The Wonders of the Moon
A famous poet named John Keats wrote a poem that included the moon. It because so popular that it has lasted hundreds of years. The poem tells the story of a shepherd-prince from Greek mythology who was loved by the Titan moon goddess, Selene. One of the lines from the poem says: “A thing of beauty is a joy forever.” The moon or “Luna” is actually a satellite that orbits the planet Earth and is the fifth largest natural satellite in the entire solar system. But what you may not know is that without the Moon, the Earth would really be lost.
The Moon: It’s a Big Deal
We all know tales of the man in the moon and real-life adventures of astronauts who traveled to the moon, such as Neil Armstrong and Buzz Aldrin, but there is much more to learn.
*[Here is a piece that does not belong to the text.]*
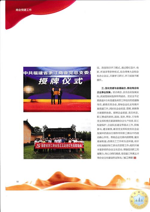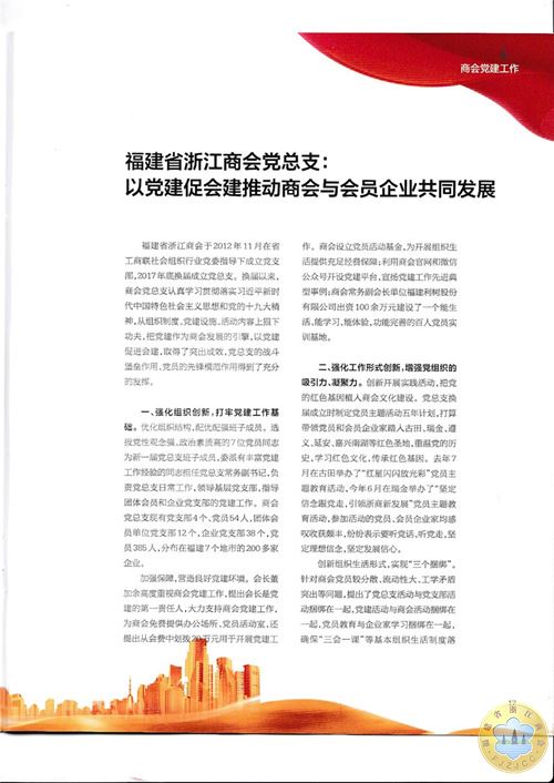 福建省浙江商会党总支《以党建促会建推动商会与会员企业共同发展》的经验以资料形式下发。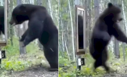 Медведь, судя по всему, отправлялся на поиски еды и не был готов повстречать столь необычный предмет на своем пути. Косолапый уже прошел мимо зеркала, но боковым взглядом заметил что-то необычное и тут же пришел в воинственное настроение.

The moon is Earth’s only natural satellite and was formed over four billion years ago. It is the pull between the moon and the Earth that keeps our little blue planet from spinning off into space. That’s why the moon is incredibly important to the Earth’s wellbeing. Scientists and poets alike have always been interested by the phases of the moon and its pull on the Earth. This pull, called gravity, also controls ocean tides and the length of days. Neil Armstrong was the first man to walk on the moon on July 21st, 1969, during the Apollo 11 mission. This feat was watched by 500 million people worldwide and was a symbol of hope, a promise of discovery.
Studying the Moon
Whether we’re looking through a telescope or simply viewing the magnificent moon with a naked eye, we see boundless light and wonder. Galileo drew one of the first telescopic images of the moon in 1609 and stated that it was not smooth but had craters (the moon was thought to be smooth during the Middle Ages). Much has been learned and explored since then, but some things never change: wolves tilt their heads and howl at a full moon, and we gaze ceaselessly in awe.